**Task brief:**
Drop the images. Copy every line below character for character.

**Data extract:**
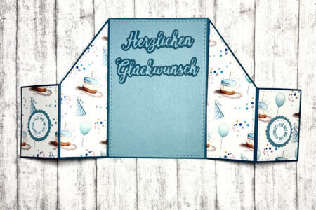 Hallo Ihr Lieben, heute habe ich noch mal eine etwas andere Pop- und Flip- Karte für Euch gebastelt, hier als Geburtstagskarte. Den Kartenrohling habe ich aus dem Cardstockpapier „Tiefseeblau“ zugeschnitten. Nachdem Aufkleben des Designpapiers „Zarter Frühlingsgruß“ auf die Vorderseite, habe ich mit der Kreisstanze ein …
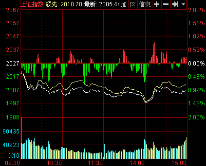今日兩市小幅低開,維持弱勢調(diào)整態(tài)勢,盤中網(wǎng)絡(luò)彩票、互聯(lián)網(wǎng)金融等出現(xiàn)護盤力量,但抵擋不住券商、白酒、煤炭等集體砸盤,滬深股指出現(xiàn)快速跳水。午后滬指低位震蕩下行,下午2時左右跌破2000點,最低下探至1996.02點,券商、保險、煤炭等跌幅擴大,滬指跌逾1%,成交量大幅萎縮,市場信心低迷。
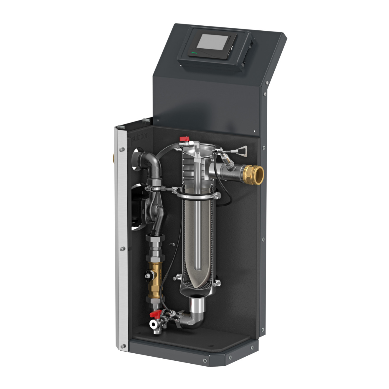 Det innebär att smuts och magnetit fångas upp genom en kombination av en filterpåse och magnetisk filtrering.
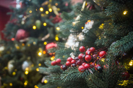 Christmas decoration in a Christmas tree. Christmas greeting card or background.
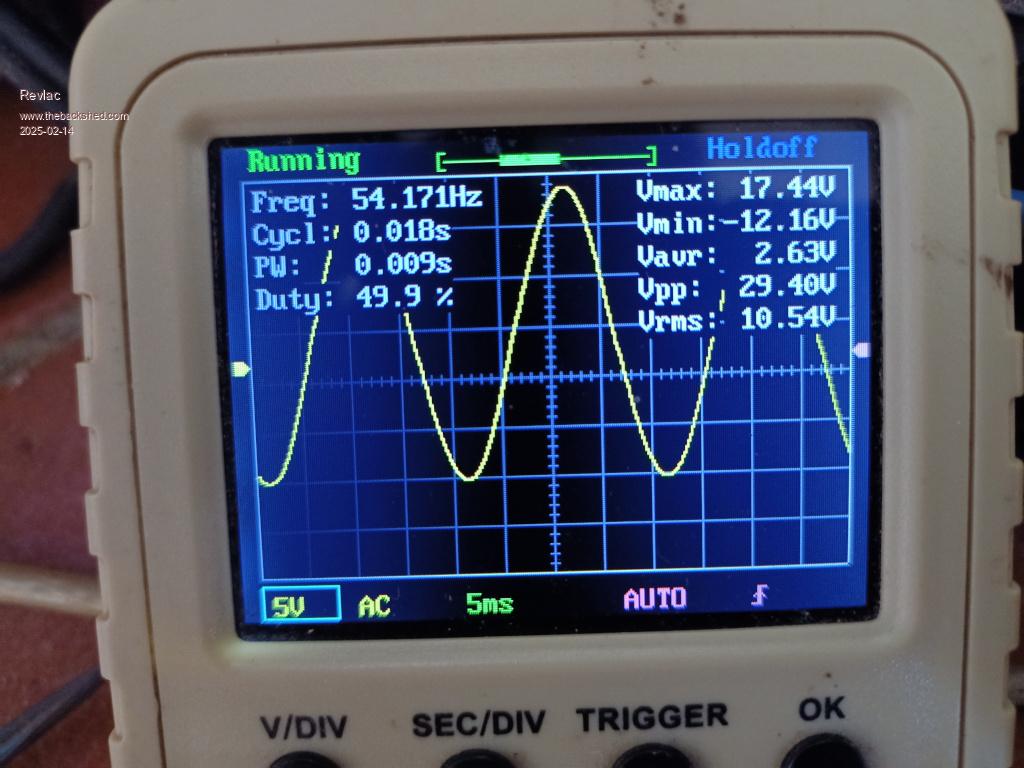 Ignore the 54Hz frequency on the little scope, it often has its own opinion.

**Expected answer:**
 Hallo Ihr Lieben, heute habe ich noch mal eine etwas andere Pop- und Flip- Karte für Euch gebastelt, hier als Geburtstagskarte. Den Kartenrohling habe ich aus dem Cardstockpapier „Tiefseeblau“ zugeschnitten. Nachdem Aufkleben des Designpapiers „Zarter Frühlingsgruß“ auf die Vorderseite, habe ich mit der Kreisstanze ein …
今日兩市小幅低開,維持弱勢調(diào)整態(tài)勢,盤中網(wǎng)絡(luò)彩票、互聯(lián)網(wǎng)金融等出現(xiàn)護盤力量,但抵擋不住券商、白酒、煤炭等集體砸盤,滬深股指出現(xiàn)快速跳水。午后滬指低位震蕩下行,下午2時左右跌破2000點,最低下探至1996.02點,券商、保險、煤炭等跌幅擴大,滬指跌逾1%,成交量大幅萎縮,市場信心低迷。
 Det innebär att smuts och magnetit fångas upp genom en kombination av en filterpåse och magnetisk filtrering.
 Christmas decoration in a Christmas tree. Christmas greeting card or background.
 Ignore the 54Hz frequency on the little scope, it often has its own opinion.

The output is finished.